There was telugu movie called LBW – Life Before Wedding, and I do agree everyone talks about the part of life after leaving from parents house, atleast in India, this happens only when University education or graduation. In western countries the movement outside does start 2-3 years before in high school itself and also they have concept of taking loans for university education which in India is mostly sponsored by parents, so another important difference.

The life during university and then after graduation, job trials, job life, and with this other things that go in that age – drinking , smoking, girls, clubs etc. and after some time wedding happens.

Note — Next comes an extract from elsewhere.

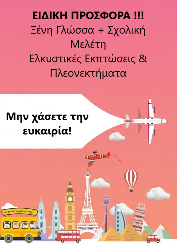Για όλους τους μαθητές που θέλουν να συνδυάσουν Ξένη Γλώσσα και Σχολική Μελέτη / Ενισχυτική Διδασκαλία στο ίδιο πρόγραμμα, έχουμε ετοιμάσει μια πολύ συμφέρουσα πρόταση!
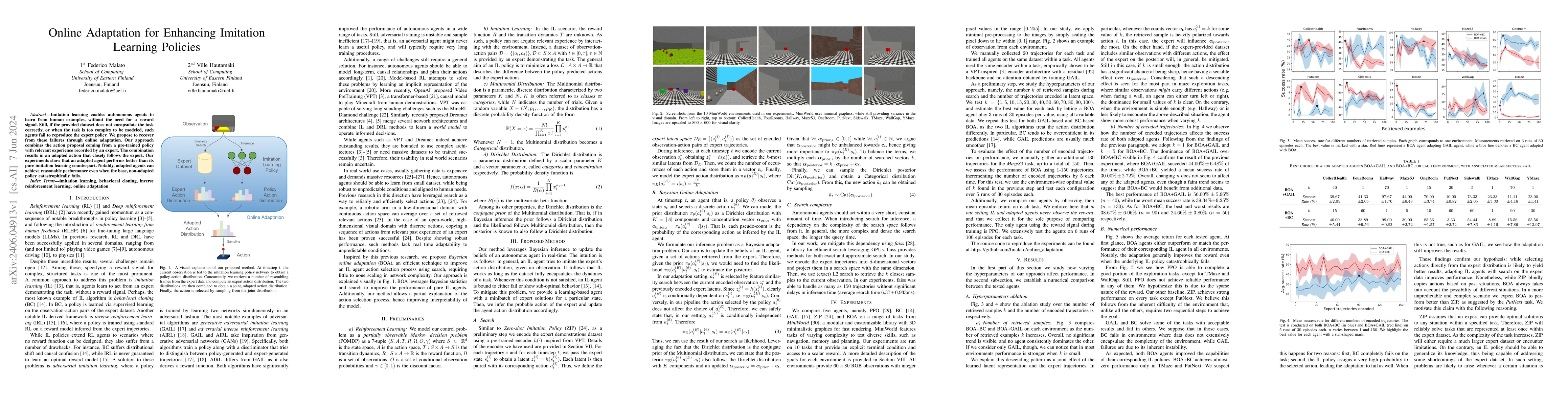 This research proposes an online adaptation method to enhance imitation learning policies, combining pre-trained action proposals with expert-recorded experiences to improve agent performance. Experiments demonstrate that adapted agents outperform non-adapted ones, especially in scenarios where the initial policy fails.

All the days are not “happy days”, there are days when you were on job trials, exam preparation, failure in exams and many other tough days as well.. but the few instances when the first time you had earned some money,  first time you bought some luxury it can be your , first time you have done some thing etc.. that specifics override all the tears and you seem to remember the days all your life time as your sweet memories

One important part during this time is if you happen to fall in love and the evenings and days you spent with your Partner, the phone calls, the messages, emails and all the conversations , everything you do for each other doesn’t seem wrong, you are ok to wait for hours, she is ok to do things you like, you are ok to spend money, she is ok to do things for you, you both enjoy the moment, no talk of investments, no talk of high ambitions in job, it seems like having good job is enough, and both are happy as long as we can afford a comfortable life, going out on a bike, evenings and weekends.

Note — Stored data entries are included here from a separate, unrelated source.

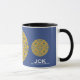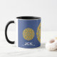 Njut av morgonkaffet i en kalejdoskop, den tematiska presenten mugg för dig själv och dina nära. Reflektion. Harmoni och balans i gult med blått.
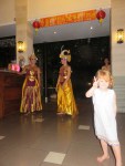 Dinner was nice and we enjoyed both vegetarian dishes as well as chicken and fish. Both lunch and dinner has been excellent and I hope this will be representative for the week. And then we were suprised by a couple of dancers doing a traditional Balinese dance.
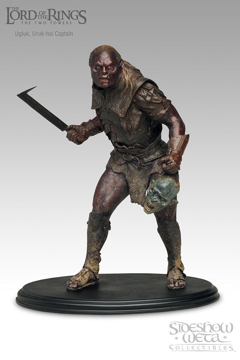 An Uruk-hai chief, Uglúk took command of a troop of scouts dispatched to capture the Hobbits and return with them to the wizard Saruman. Uglúk’s troop was joined on their journey by a group of Orcs, leading to several disagreements over their course of action. The chief resolved the issues of leadership and shortage of food with his own style of Uruk diplomacy.

Now slowly days became months and before it goes into years, atleast in Indian culture the talk of Marriage comes and if you are lucky you will get to marry the person you love and you would look forward to have all the days in your life filled with joy and romance, the same way you were having all these days. You both should be living together in your house and so no one can put any restrictions on your life style and everything should be as per your rules and it should be great.  Now comes the twist, life after marriage ,, should I take this to part 2 of the blog or continue.. let me continue

Days becomes months and before months become years, you feel uncomfortable in thinking about her all the time and she feels difficult doing things for you all the time, and slowly disturbances start between the partners and both the persons want things for themselves, and if both of them understand the need to relax their persona and accommodate the other persons needs this can be good, but all personalities are not the same and so there will be differences and most importantly for both the partners who loved and married the expectations of the life after marriage is not met and both of them feel disappointed and cheated. cheated is a big word, but if the disturbances are more then this can go even further. With the passing days, you will say the person has changed completely. There will be changes surely because as years pass by, persons adjust to the environment and the people surrounding.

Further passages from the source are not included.